Invest Like Her How to Build a Portfolio: Investing like her” means creating a plan that fits your income, schedule, obligations, and risk tolerance. This tutorial shows you how to build a portfolio for you, not a generic investor.
How Women’s Real-Life Factors Shape Investing Choices
Women have specific financial issues that typical investment advice overlooks:
- Women globally often spend more years in poor health or managing chronic conditions.
- In the United States, around 61% of family carers are women, many of whom provide care for more than 20 hours a week.
- After a divorce, a woman’s family income declines by about 46%-50%, while a man’s income drops by 23%-29%.
- In the U.S., women are 43% more likely than men to say they have taken a career hiatus. They are also more likely to take early-career pauses, which may hinder early-career advancement and long-term earning potential.
- When women work remotely or flexibly, they are 1.5 times less likely to be promoted than women who work in the office.
With these facts in mind, it follows that women need assets that are always available in crises, help fill income gaps, and have steady appreciation to fund longer retirements.
Zaneilia Harris, CFP® Board member and president of Harris & Harris Wealth Management Group, helps women plan for the reality that “they could literally live until they’re a hundred—or at least until they’re 90.”
She says some advice, like waiting until 70 to claim Social Security, “doesn’t really apply.” Harris notes clients often leave the workforce at 60, so she helps women in their 40s and 50s prepare—or adapt if needed.
“Women often face ‘compounding uncertainty’ as they are ‘taking care of children and aging parents,’ says Renee Cohen, CFP®, founder of Nexa Wealth. For women or couples without children, she says, the worry is generally, “Who’s going to take care of me later on?”
What a Portfolio Really Is—and Why It Matters
An investment portfolio is a collection of financial assets—stocks, bonds, cash, funds, real estate, or other investments. Your portfolio depends on your goals, whether you’re retiring or saving for education.
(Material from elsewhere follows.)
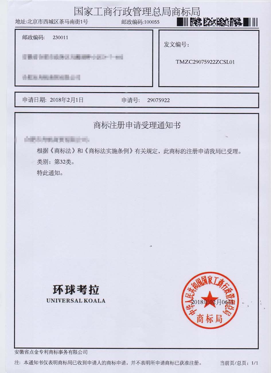 第32类“环球考拉”商标受理通知书

It need not be complex, but each asset has a role:
Invest Like Her How to Build a Portfolio:
- Stocks have high growth potential but can be volatile.
- Bonds typically rise when stocks are weak.
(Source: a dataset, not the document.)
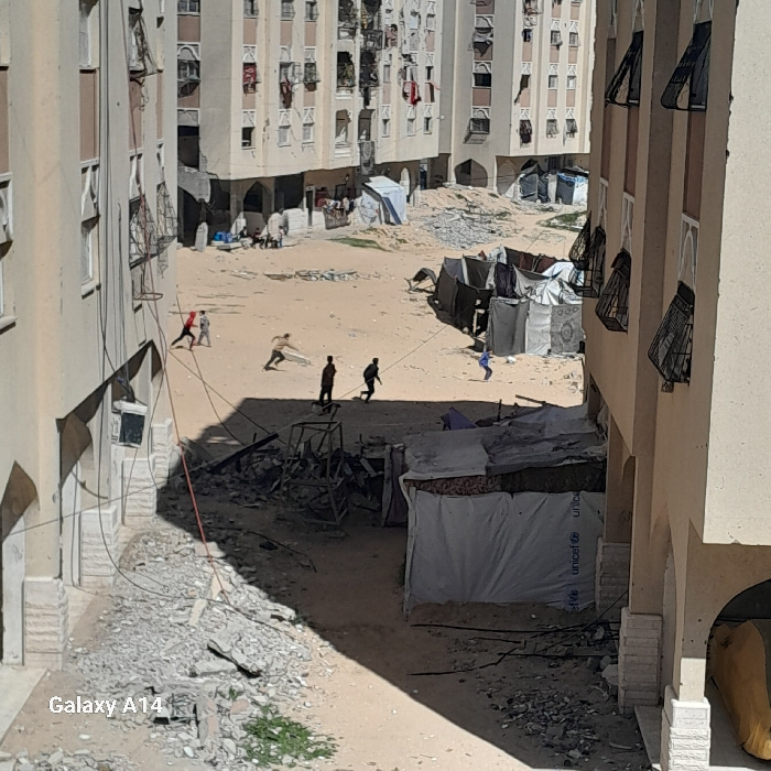 The image captures an outdoor scene in Khan Yunis, Palestinian Territory, centered on a large, unpaved dirt and sand area surrounded by multi-story residential buildings. These concrete structures exh…read more
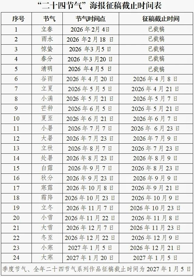 单个节气征集截止时间详见“二十四节气”海报征稿截止时间表,系列节气海报征集截稿时间为2027年1月5日。

- Cash and cash equivalents give you stability and easier access to funds.
- Mutual funds and ETFs provide broad exposure without having to pick individual stocks.
This mix matters because diversification spreads your risk. When one asset class underperforms (such as stocks), gains in other asset classes can help cushion the blow.
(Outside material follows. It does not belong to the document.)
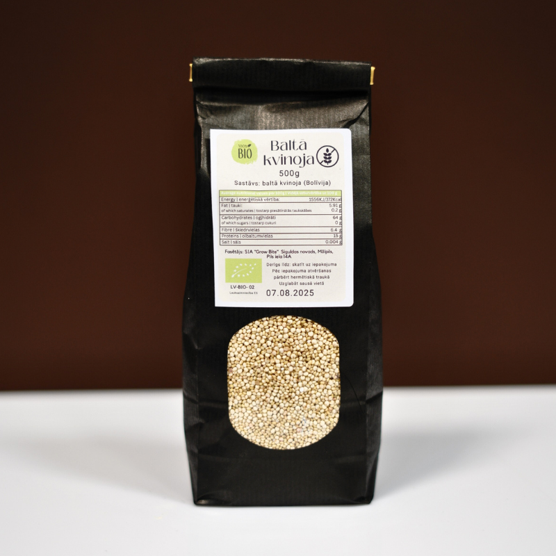 Izvēlieties BIO Baltā kvinoja kā veselīgu un barojošu alternatīvu tradicionālajiem graudiem. Šī bioloģiskā kvinoja ir bagāta ar olbaltumvielām, šķiedrvielām un būtiskām minerālvielām, padarot to par lielisku papildinājumu jebkurai maltītei.

Renee reminds clients that investing isn’t just about returns but about having a diversified portfolio, spreading risk, and understanding how investments support your wealth.
Asset Allocation: Invest Like Her How to Build a Portfolio:
Asset allocation is the division of money among stocks, bonds, and cash. Data shows allocation drives most long-term performance—more than picking investments or timing. Your mix should shift with your life:
- Early career: More stocks for long-term growth, when you have decades to ride out market dips
- Midlife: Balance protecting current wealth with growing retirement savings.
- Pre-retirement: More bonds and cash to preserve what you’ve built and generate a steady income
There’s no single perfect allocation or “women’s portfolio”. Your mix will look different if you’re saving for a home, caring for aging parents, building a business, or planning retirement, whether solo or with a partner. “Being okay in retirement means something different to everyone,” Harris says.
“You have to explore what’s important to clients—what brings peace? The best results come when clients collaborate and create plans through ongoing conversations.”
When (and When Not) to Change Your Portfolio
Rebalancing restores your portfolio to its target mix, like 70% stocks and 30% bonds. Don’t react to every market shift; focus on long-term goals. Rebalance when:
- Once a year, as part of a regular review
- After major life events, such as marriage, divorce, having children, or becoming widowed
- When goals change, like shortening a retirement timeline from 20 years to 10 years
Invest Like Her How to Build a Portfolio: As life changes, portfolios should too. Whether recovering after divorce, leaving work early, or dealing with widowhood, your investments must adapt. Harris and Cohen help women manage these transitions.
Cohen says financial planning isn’t “one-time.” You might need to rethink decisions made years ago. Harris approaches major life transitions similarly.
“Based on what you are telling me, your goals are, that’s what we focus on. And we do what we can do right now to hopefully get you to the place where you want to be.”
The Bottom Line
A portfolio for your life matches your real earnings, savings, and spending—not a textbook rule. When your situation or plans change, so should your strategy. The best portfolio adapts when life doesn’t go as planned.